The new dual carriageway will run from the M67 roundabout, then under Roe Cross Road, Old Road and Old Hall Lane through a new underpass. The road will then join Mottram Moor just below the junction with the A6018 (Back Moor). A new single carriageway road will then link the A57 from Mottram Moor to Woolley Bridge (known locally as the ‘Glossop Spur’).
The unacceptable congestion levels through our villages will be markedly reduced, as will the journey time from Manchester to Sheffield. This will boost quality of life locally and could prove a significant economic stimulus. Currently, 25,000 vehicles and 2000 HGVs chug through Mottram every single day, causing delays, noise and pollution.
There have been two welcome improvements to the plans since the last consultation: the underpass is now planned to come out slightly further away from the properties on Old Hall Lane, and the proposed mini roundabout and access road linking the new road Roe Cross Road has been taken out.
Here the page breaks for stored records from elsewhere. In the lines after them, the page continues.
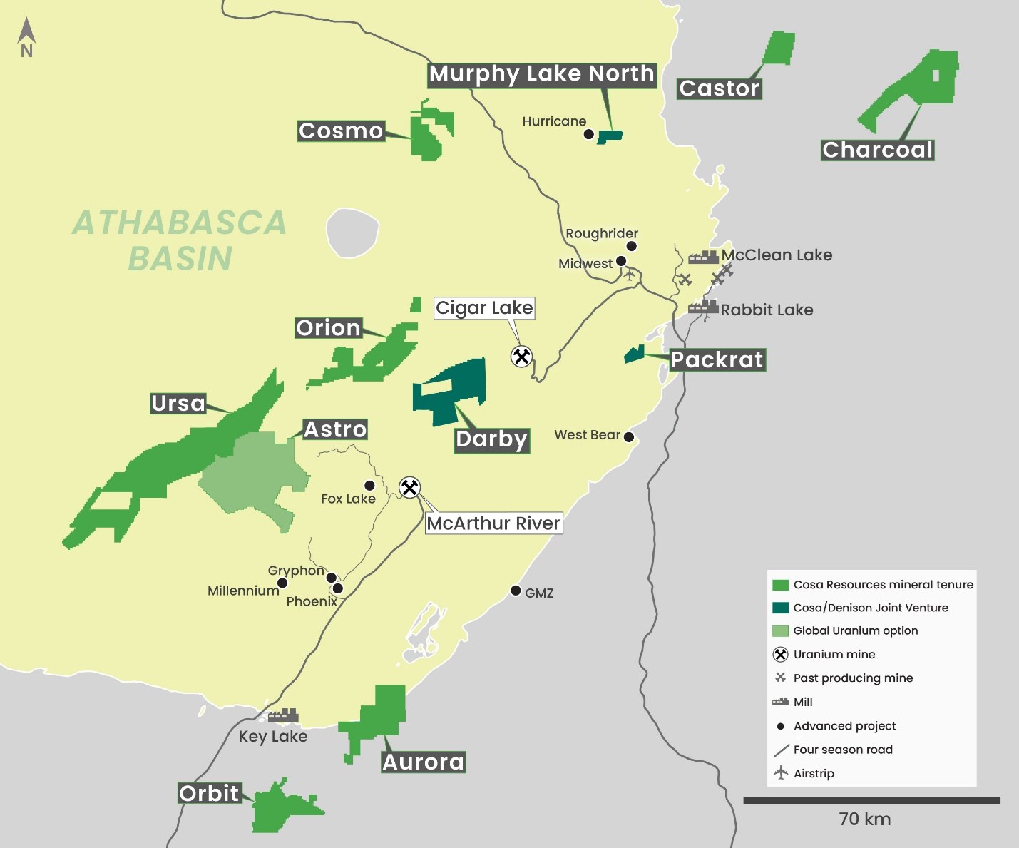 In January of 2025, the Company entered a transformative strategic collaboration with Denison Mines (TSX: DML) (NYSE American: DNN) that has secured access to several additional highly prospective eastern Athabasca uranium exploration projects. As Cosa's largest shareholder, Denison gains exposure to Cosa's potential for exploration success and its pipeline of uranium projects.
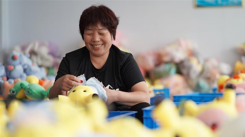7月13日,河北省內(nèi)丘縣一家玩具生產(chǎn)企業(yè)工人在加工毛絨玩具。
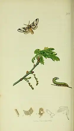 The larvae feed on various deciduous trees, primarily Quercus but also Fagus and Betula.[2] The male, but not the female comes to light. Females are rarely found at all, probably because they stay up in the tree crowns. After mating, the female lays 150 – 200 eggs in small groups on the underside of oak leaves, which hatch after eight to ten days. The newly hatched larvae usually live in small groups, older larvae live singly. They eat the leaves from the tip inwards so that only the middle nerve is left. When the larva is fully grown in August – September, it crawls down on the ground, spinning an oval, earthy cocoon and transforming into a pupa which overwinters. Sometimes the pupa can overwinter twice before hatching.
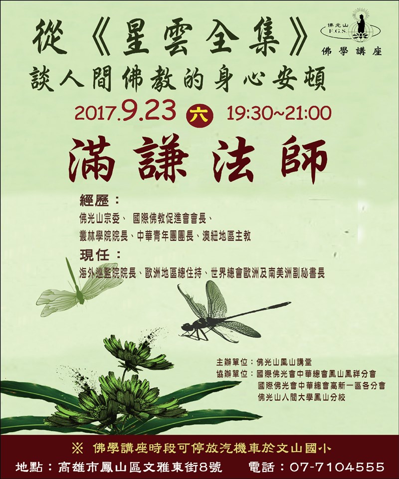 鳳山講堂佛學講座 |2017.09.07 語音朗讀 647觀看次 字級 大 中 小 鳳山講堂佛學講座 時間:2017年9月23日 地點:高雄市鳳山區文雅東街8號 電話:07-7104555 前一篇文章 福慧家園共修會福慧雙修 下一篇文章 三重禪淨佛學講座 熱門新聞 01故宮特展神獸再現 麒麟、鳳凰登場 2026.03.2402【詩】白花鬼2026.03.2503南華大學茶禪雅集 靜坐書寫時光膠囊2026.03.2604星雲大師靈骨分燈歐洲 傳燈萬方2026.03.2605佛光山365日越文版 贈西貢日航大酒店2026.03.2706星雲大師靈骨分燈北美 法脈永傳2026.03.2407中南部水庫水位告急 各地農損頻傳2026.03.2408台灣工藝3專書 呈現文化獨特樣貌2026.03.2709紅綠葡萄抗氧化抗發炎 連皮吃獲取健康全效益2026.03.2710兒童節禮物 新北學生自己票選2026.03.26 訂閱電子報 台北市 天氣預報 台灣一週天氣預報 相關報導 以文字護持人間福報運動睡眠新科技 養生保健新利器房仲第一品牌 永慶加薪3% 體驗美好手作 製皂幸福時光 博愛社大春季班招生中 薩克斯風吹奏春季班 人間大學台中分校招生中 跨越十年縱橫南半球到北半球 《行者》新書上市

Local traffic will use the existing roads, with regional traffic passing by.
The next and last round of consultation will now commence in November 2020 for a period of six weeks. Final plans will go to the Planning Inspectorate in April 2021. It is hope that diggers will be on site come October 2022, with the bypass scheduled to be open for traffic in March 2025.
So much of my constituency is affected by Mottram traffic levels – on a bad day, it causes tailbacks through Hyde, Stalybridge, Hollingworth and beyond. This is great news for the whole area – Tameside has been one big traffic jam for too long, the bottleneck of all cross-Pennine congestion. I really believe it will be transformative for residents, businesses, drivers and pedestrians alike.
Infrastructure projects of this size – £200 million- can often hit delays, but the decades Longdendale residents have waited for this news were exceptionally frustrating. I promised I would get this road or die trying, and now we finally have dates and constructors confirmed.
I would like to say an enormous thank you to Longdendale councillors, Janet Cooper and Jacqueline Owen, for their equally unyielding hard work to achieve this, as well colleagues in Highways England, Tameside Council, and longstanding local campaign group, the Longdendale Siege Committee.
To my late friend David Moore, who passed away this spring, and fought hard for this road – today is for you.